Data excerpts

+-------+

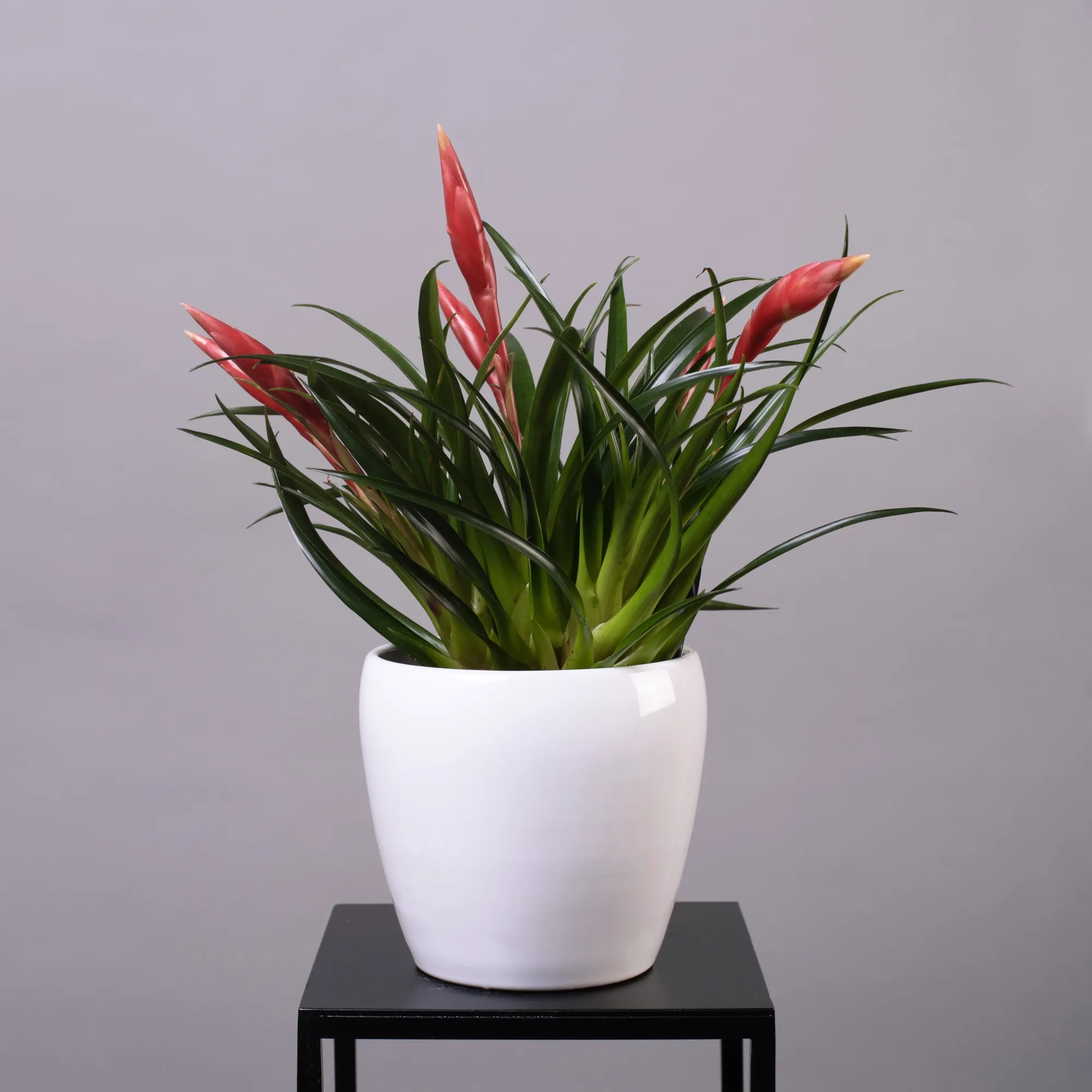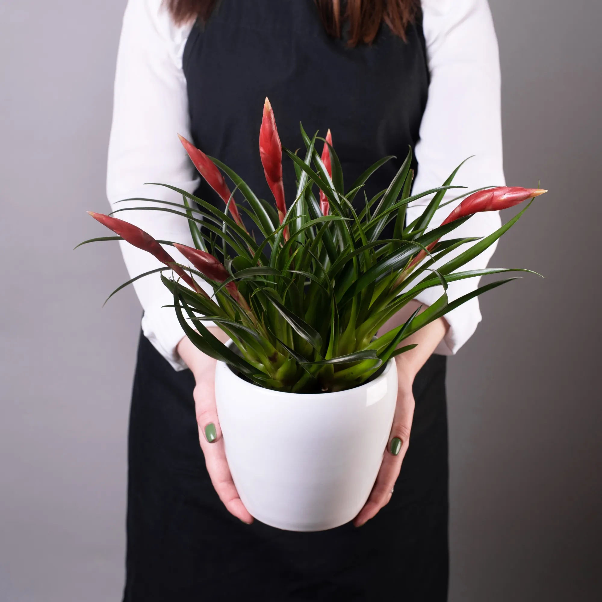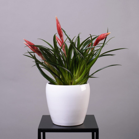 Как правило, растения доставляются в техническом пластиковом горшке от поставщика. Если в наименовании указано «в керамике/цинке», то в эту стоимость входит декоративное кашпо.
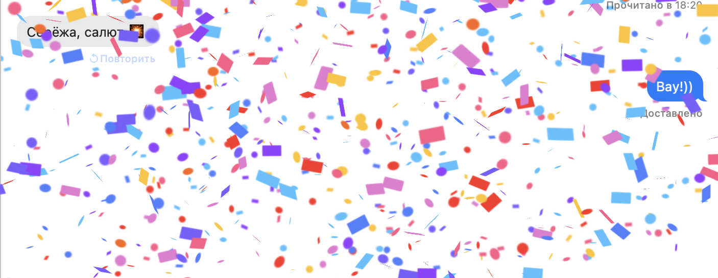 Два других предустановленных приложения, которые были существенно обновлены, это Карты и Сообщения. Здесь, однако, картина для российских пользователей вовсе не столь радужна. Начнем с Сообщений. На первый взгляд, все выглядит интересно. Теперь можно закреплять беседы наверху, делать упоминания в групповых чатах, устанавливать фото, эмоджи и мемоджи для групп, осуществлять более удобный поиск по беседам, отправлять эффекты — например, конфетти.
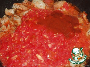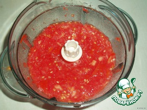 Помидоры я измельчила. По рецепту с них полагается снять кожицу (сделать надрез крест-накрест, опустить на минуту в кипяток), но меня не напрягают кусочки кожицы помидоров в готовом блюде.
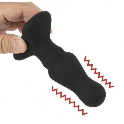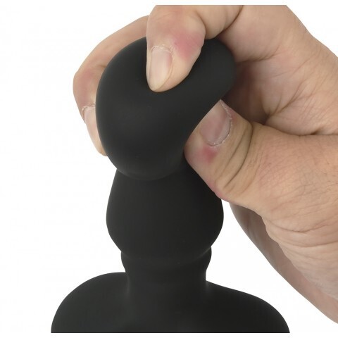 Перезаряжаемый девайс, выполненный из премиального силикона в черном цвете имеет надувной наконечник с регулируемым давлением для эффективного воздействия на точку Р. Оснащен мощным моторчиком, предлагающим 6 режимов вибрации. За счет надувной головки вы можете начать с малого и увеличивать размер для более глубинного наслаждения. Водонепроницаемость позволяет испытать на себе его способности в ванне или душе. Управление осуществляется как с помощью кнопки на устройстве, так и посредством пульта ДУ на расстоянии до 8 метров. Стандартное время зарядки составляет 3 часа, что дает 10 часов использования.
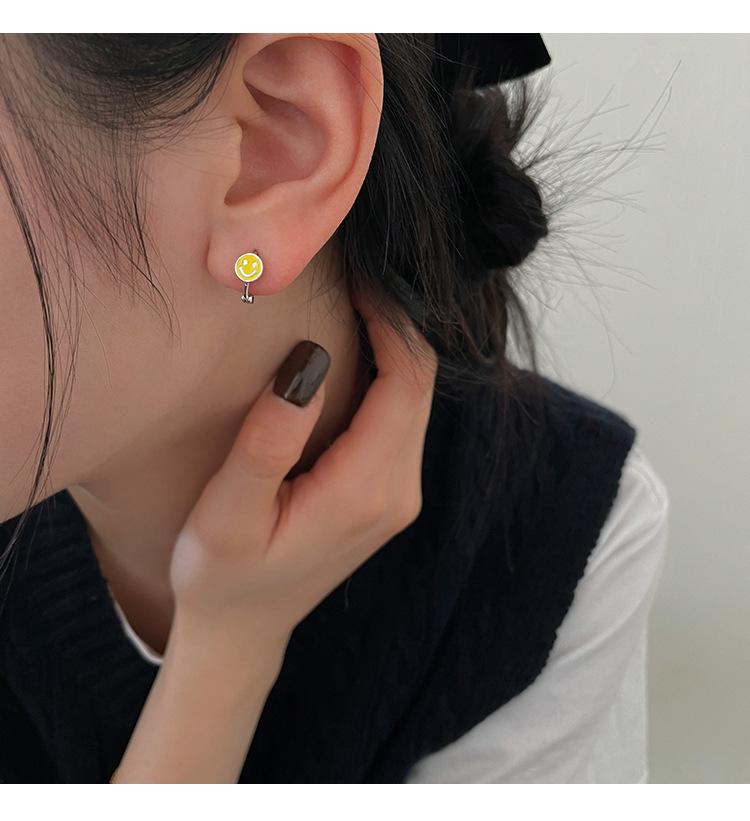 Pendientes Tie Di, diseño de nicho 2022, nuevos pendientes de plata de moda, pendientes de temperamento femenino con carita sonriente.
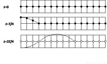 (1)(3分)细绳的一端在外力作用下从t =0时刻开始做简谐运动,激发出一列简谐横波。在细绳上选取15个点,图中第一个图为t =0时刻各点所处的位置,图中第二个图为t =T/4时刻的波形图(T为波的周期)。在图中第三个图中画出t =3T/4时刻的波形图。
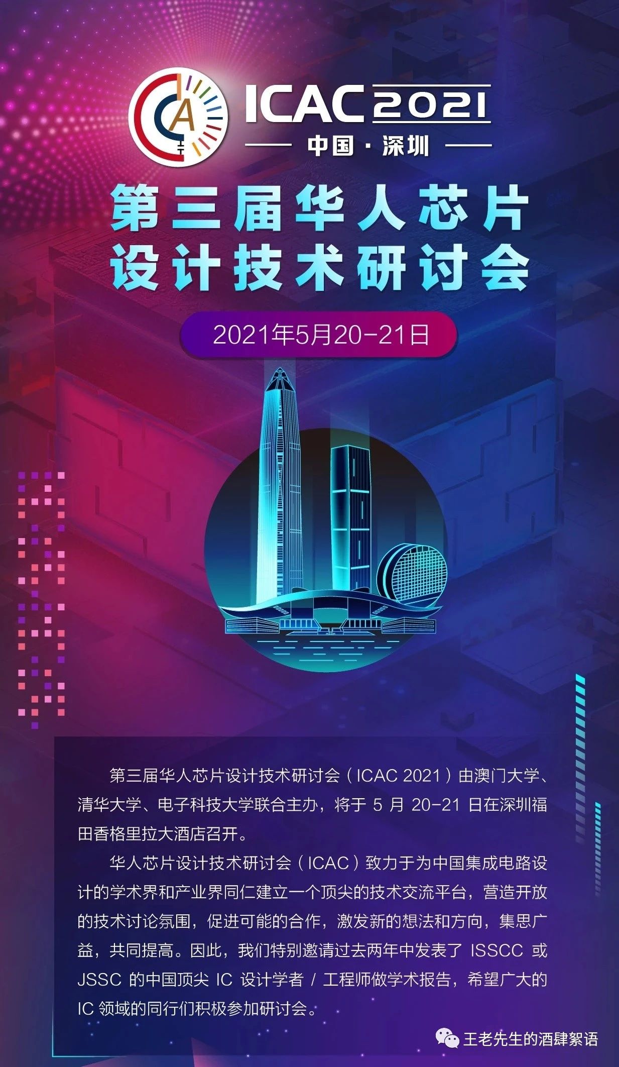 澳门大学的路延教授,邀请我在第三届华人芯片设计技术研讨会上发言,表示祝贺,我真心的非常高兴。这不是大会主席们为我封了一个荣誉主席的职位我才高兴,我是发自内心的高兴,为中国集成电路设计技术的发展、提高而高兴。 国际固态电子学会议(ISSCC-IEEE InternationalSolid-State Circuits Conference)被誉为集成电路设计领域的奥林匹克竞赛,它不仅代表着集成电路设计领域的最高水平,还被视为信息产业与市场的风向标,这是因为整个信息技术都构建在集成电路之上。路延
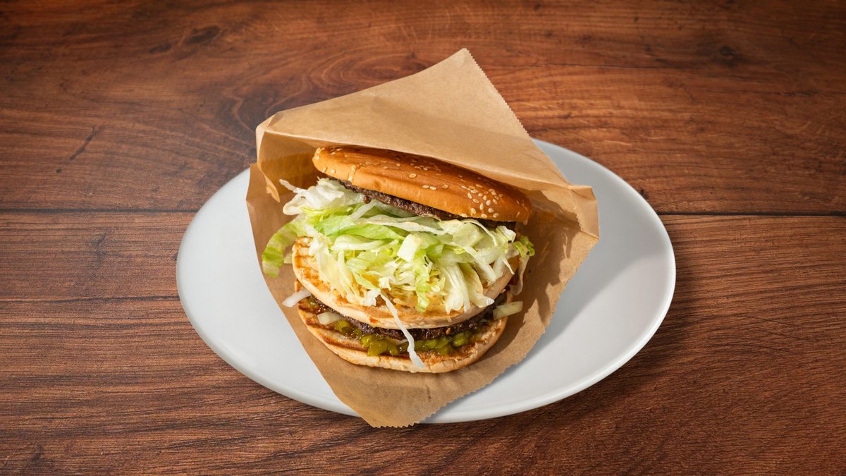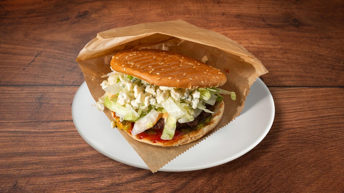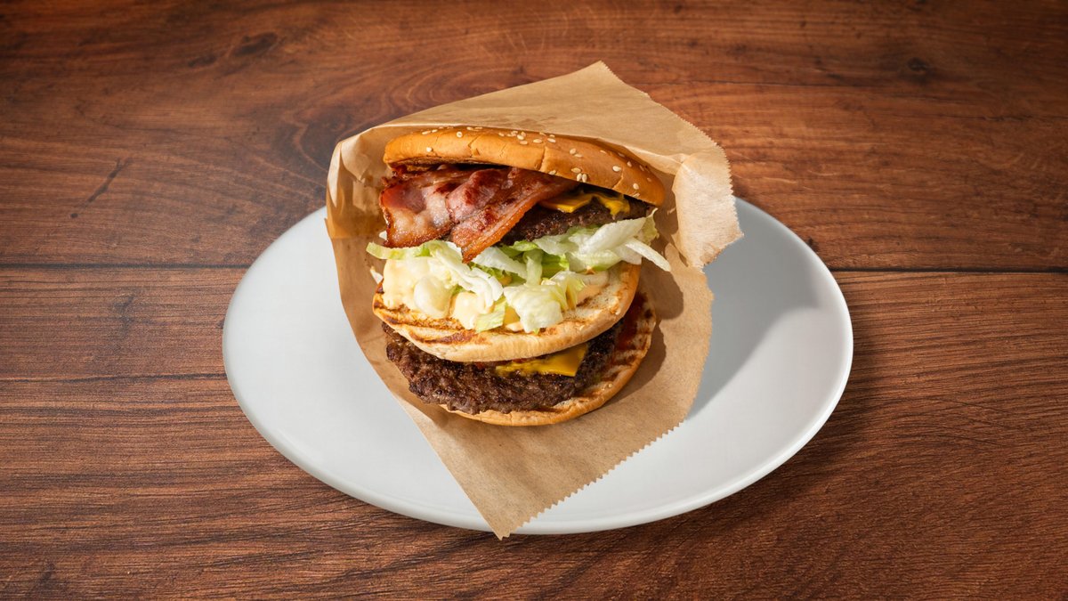 Pihvi (2x120 g), cheddar (2x), pekoni (2x), valitsemasi mausteet
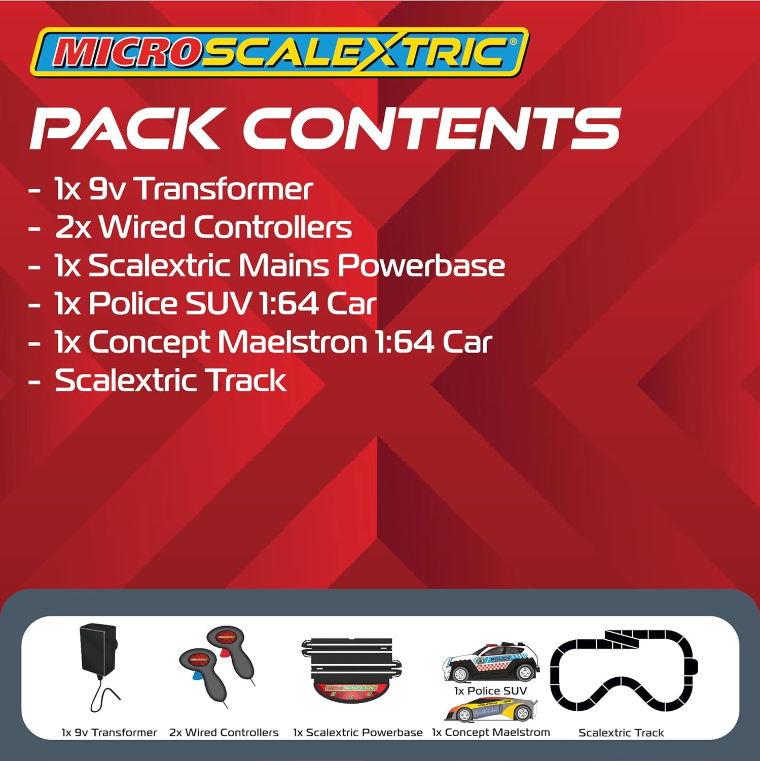 Micro Scalextric - Conjunto de corrida Law Enforcer - Conjuntos de corrida alimentados por rede elétrica, pistas de corrida de slot car para crianças de 4 anos ou mais, inclui 2 carros, 1 conjunto de pista, 1 base de energia elétrica e 2 controladores
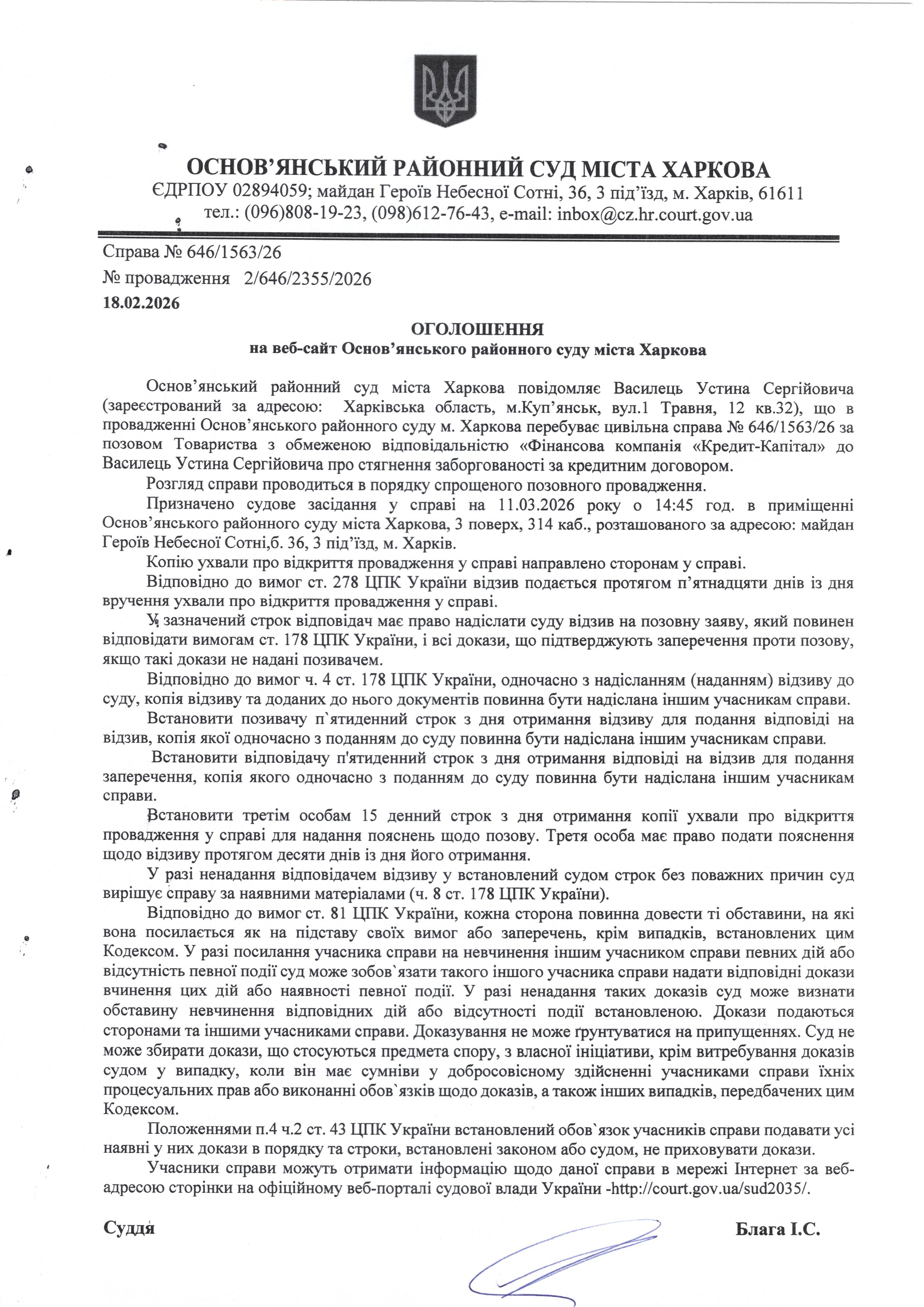 Оголошення по справі № 646/1563/26 для Василець Устина Сергійовича
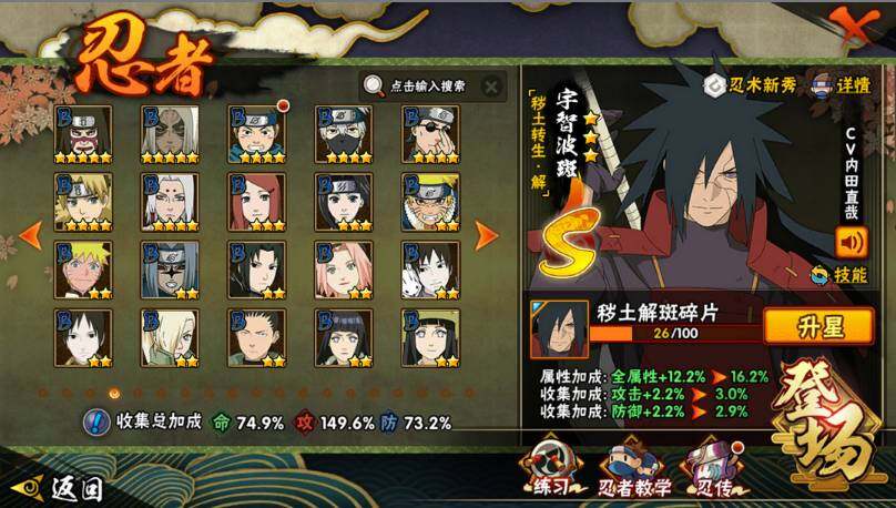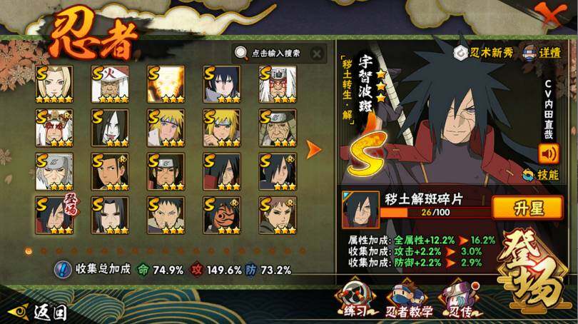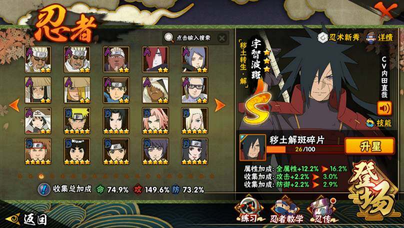 【S级忍者】:半藏「秽土转生」(3星),猿飞日斩「秽土转生」(3星),波风水门「秽土转生」(3星),千手扉间「秽土转生」(3星),千手柱间「秽土转生」(3星),宇智波鼬「秽土转生」(3星),宇智波斑「秽土转生」(3星),宇智波斑「秽土转生·解」(3星),宇智波带土「忍界大战」(3星),宇智波斑「木叶创立」(3星),千手柱间「木叶创立」(3星),罗砂「四代目风影」(3星),大野木「三代目土影」(3星),自来也「仙人模式」(3星),自来也「舞之豪杰」(3星),大蛇丸(
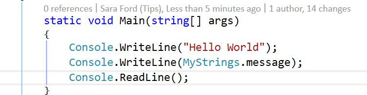 Back in Visual Studio, let’s add a Console.ReadLine() to make sure the console window doesn’t go away…
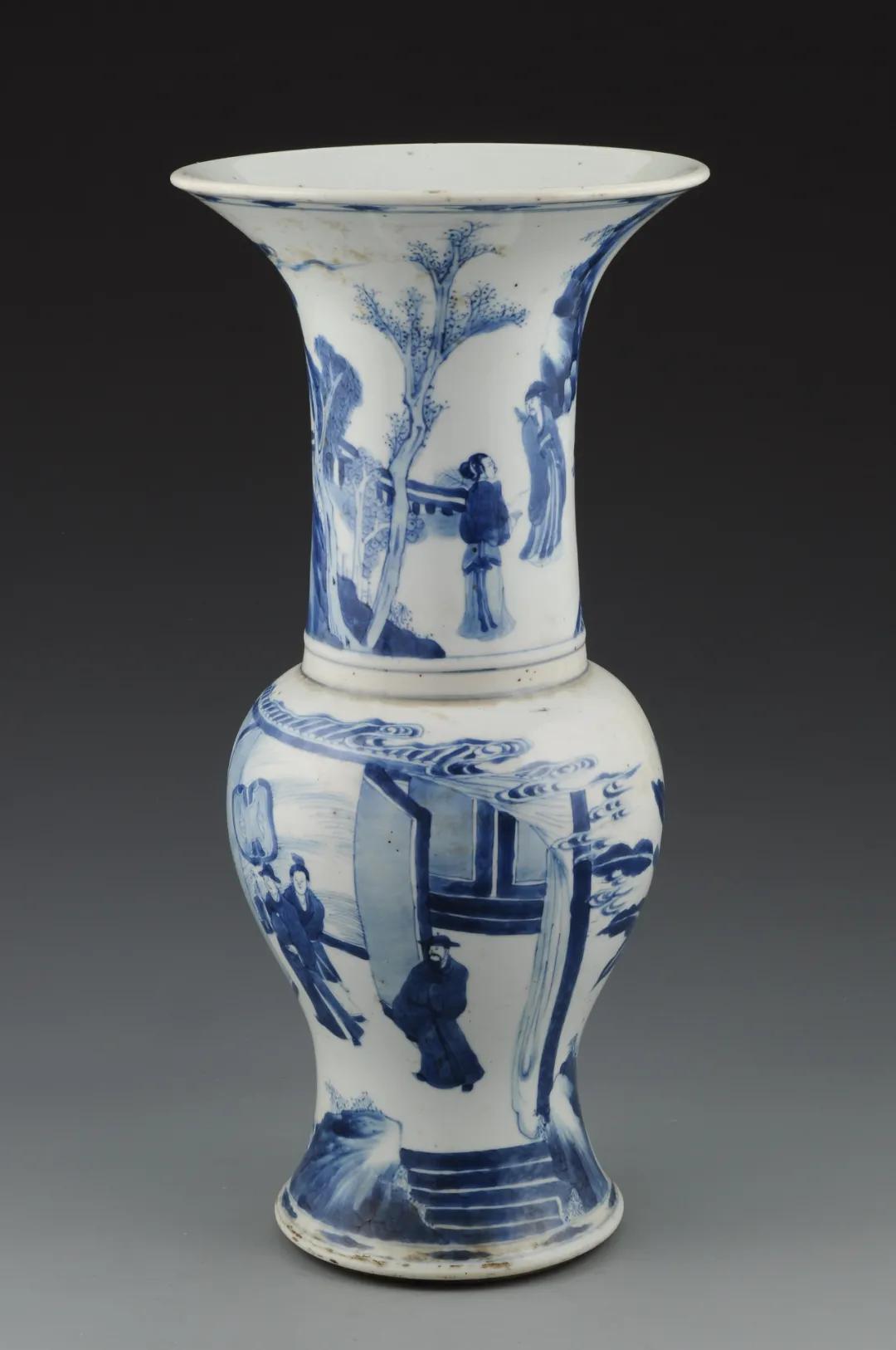 这件清康熙青花人物故事图凤尾尊,尊口呈喇叭状外撇,长颈,鼓腹,束胫,近底处足外撇,二层台式圈足。

+-------+

ASSIGNMENT: Each line of the data above must be repeated exactly, images excluded.

RESPONSE AREA:
 Как правило, растения доставляются в техническом пластиковом горшке от поставщика. Если в наименовании указано «в керамике/цинке», то в эту стоимость входит декоративное кашпо.
 Два других предустановленных приложения, которые были существенно обновлены, это Карты и Сообщения. Здесь, однако, картина для российских пользователей вовсе не столь радужна. Начнем с Сообщений. На первый взгляд, все выглядит интересно. Теперь можно закреплять беседы наверху, делать упоминания в групповых чатах, устанавливать фото, эмоджи и мемоджи для групп, осуществлять более удобный поиск по беседам, отправлять эффекты — например, конфетти.
 Помидоры я измельчила. По рецепту с них полагается снять кожицу (сделать надрез крест-накрест, опустить на минуту в кипяток), но меня не напрягают кусочки кожицы помидоров в готовом блюде.
 Перезаряжаемый девайс, выполненный из премиального силикона в черном цвете имеет надувной наконечник с регулируемым давлением для эффективного воздействия на точку Р. Оснащен мощным моторчиком, предлагающим 6 режимов вибрации. За счет надувной головки вы можете начать с малого и увеличивать размер для более глубинного наслаждения. Водонепроницаемость позволяет испытать на себе его способности в ванне или душе. Управление осуществляется как с помощью кнопки на устройстве, так и посредством пульта ДУ на расстоянии до 8 метров. Стандартное время зарядки составляет 3 часа, что дает 10 часов использования.
 Pendientes Tie Di, diseño de nicho 2022, nuevos pendientes de plata de moda, pendientes de temperamento femenino con carita sonriente.
 (1)(3分)细绳的一端在外力作用下从t =0时刻开始做简谐运动,激发出一列简谐横波。在细绳上选取15个点,图中第一个图为t =0时刻各点所处的位置,图中第二个图为t =T/4时刻的波形图(T为波的周期)。在图中第三个图中画出t =3T/4时刻的波形图。
 澳门大学的路延教授,邀请我在第三届华人芯片设计技术研讨会上发言,表示祝贺,我真心的非常高兴。这不是大会主席们为我封了一个荣誉主席的职位我才高兴,我是发自内心的高兴,为中国集成电路设计技术的发展、提高而高兴。 国际固态电子学会议(ISSCC-IEEE InternationalSolid-State Circuits Conference)被誉为集成电路设计领域的奥林匹克竞赛,它不仅代表着集成电路设计领域的最高水平,还被视为信息产业与市场的风向标,这是因为整个信息技术都构建在集成电路之上。路延
 Pihvi (2x120 g), cheddar (2x), pekoni (2x), valitsemasi mausteet
 Micro Scalextric - Conjunto de corrida Law Enforcer - Conjuntos de corrida alimentados por rede elétrica, pistas de corrida de slot car para crianças de 4 anos ou mais, inclui 2 carros, 1 conjunto de pista, 1 base de energia elétrica e 2 controladores
 Оголошення по справі № 646/1563/26 для Василець Устина Сергійовича
 【S级忍者】:半藏「秽土转生」(3星),猿飞日斩「秽土转生」(3星),波风水门「秽土转生」(3星),千手扉间「秽土转生」(3星),千手柱间「秽土转生」(3星),宇智波鼬「秽土转生」(3星),宇智波斑「秽土转生」(3星),宇智波斑「秽土转生·解」(3星),宇智波带土「忍界大战」(3星),宇智波斑「木叶创立」(3星),千手柱间「木叶创立」(3星),罗砂「四代目风影」(3星),大野木「三代目土影」(3星),自来也「仙人模式」(3星),自来也「舞之豪杰」(3星),大蛇丸(
 Back in Visual Studio, let’s add a Console.ReadLine() to make sure the console window doesn’t go away…
 这件清康熙青花人物故事图凤尾尊,尊口呈喇叭状外撇,长颈,鼓腹,束胫,近底处足外撇,二层台式圈足。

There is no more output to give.